The Last Look…
Posted by Colin Lambert. Last updated: November 28, 2023
I was going to follow up on a recent column on AI, however that will have to wait following the unbelievably sad news I received this week about the passing of somebody who genuinely impacted the FX industry, Campbell Adams.
Cam was in many ways a reflection on how the FX market changed – he was a trader at Citi, Morgan Stanley, Deutsche Bank and BP, who left the market for a period around the turn of the century, before, inevitably, finding his way back in at EBS and embracing the e-trading era.
It was what happened next, however, where Campbell Adams really left his mark on our industry – with the furore growing almost daily over the impact of HFT firms of the FX market, he founded FX Pure and got the support of a dozen banks to develop a platform that featured randomisation, in other words, a mechanism to thwart latency arbitrage strategies that were threatening to send FX down the same spiral as equities market as speed became everything.
He recognised that FX was different and that there were a lot of “real world” participants who weren’t in it for profit alone, and these players needed a degree of protection. We can argue whether randomisation worked in the long run, but the fact is it was needed at the time and it did change the way people behaved in our market – not many can say that.
Sadly, what was a great idea also delivered a period of frustration for Campbell, that was to continue for some time. The Pure project prompted a step change at EBS, which meant effectively Pure was no longer needed – ironically, possibly the crowning achievement of Cam’s career was to make EBS better.
Pure was taken over by Tradition, and still runs to this day, but Cam wasn’t really involved past 2017, but his irrepressible entrepreneurial spirit saw him pivot the Pure business to digital assets – a project he was still working on up until his tragic death.

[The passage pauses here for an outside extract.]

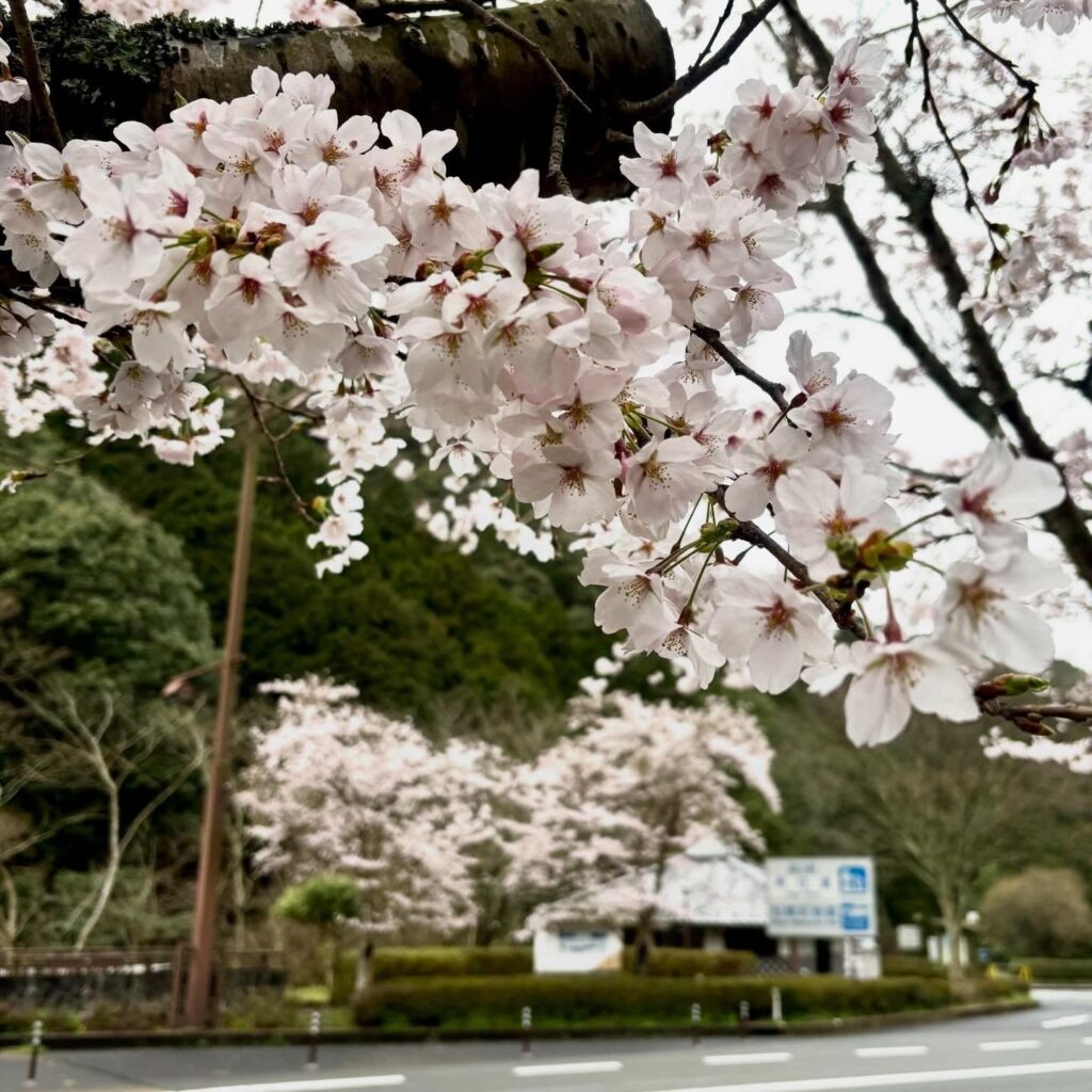 今日から新年度ですね。道の駅萩往還前の県道沿いの桜も、満開です。
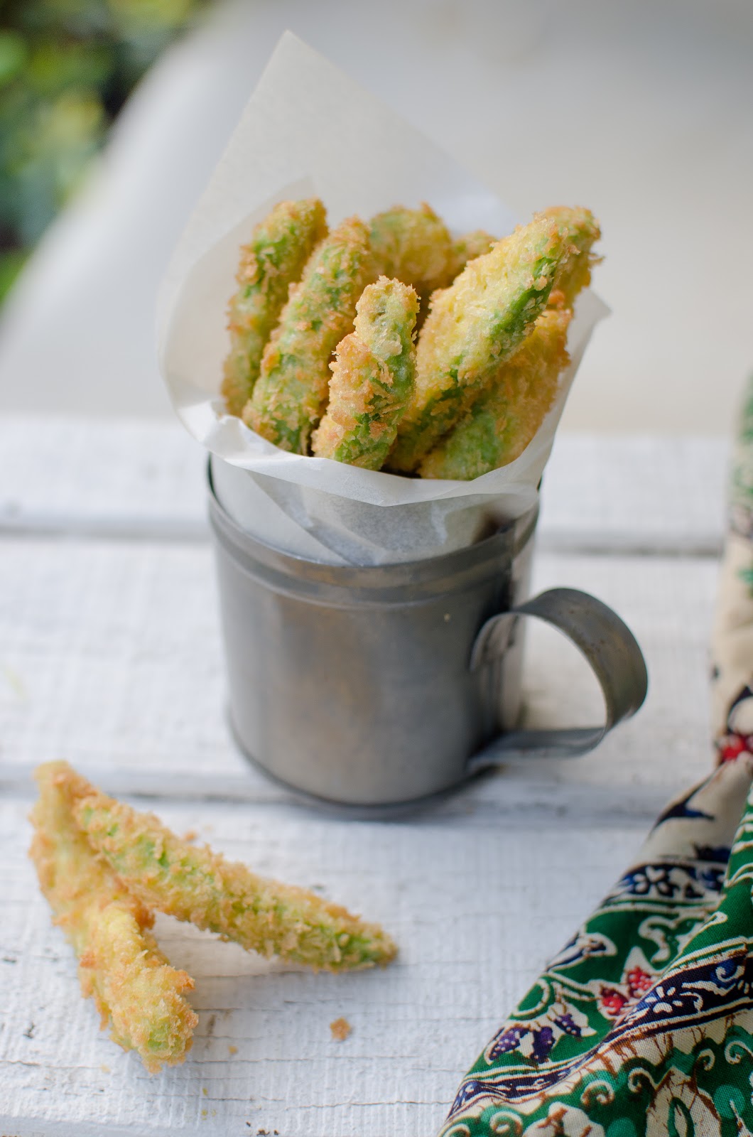 I know, it seems wrong to FRY a perfectly good avocado, but it really works, and they are just delicious: crunchy Panko exterior with the goodness of a soft, nutty inside texture.

As a person Cam was always good fun to be with and he was a tremendously interesting conversation partner, as witnessed by the last video conversation I had with him just a few months ago for this publication. He had a natural spirit of adventure and thought deeply about how to make markets better, but did it all with a sense of humour. As a measure of the man and his achievements, there are not too many of us who would have featured in stories in both The Times and Financial Times, and probably even fewer of us who could point to ownership of an initiative that actually got people thinking – and reacting.
It hard to believe he is no longer with us, and I for one will miss our chats on market structure (sometimes in some strange places!) and my condolences go to his other friends and family.
As we like to say where I now live, the FX industry has lost a ‘good-un’. Vale Cam, you genuinely moved the needle in our industry and few can say that. You will be missed – RIP.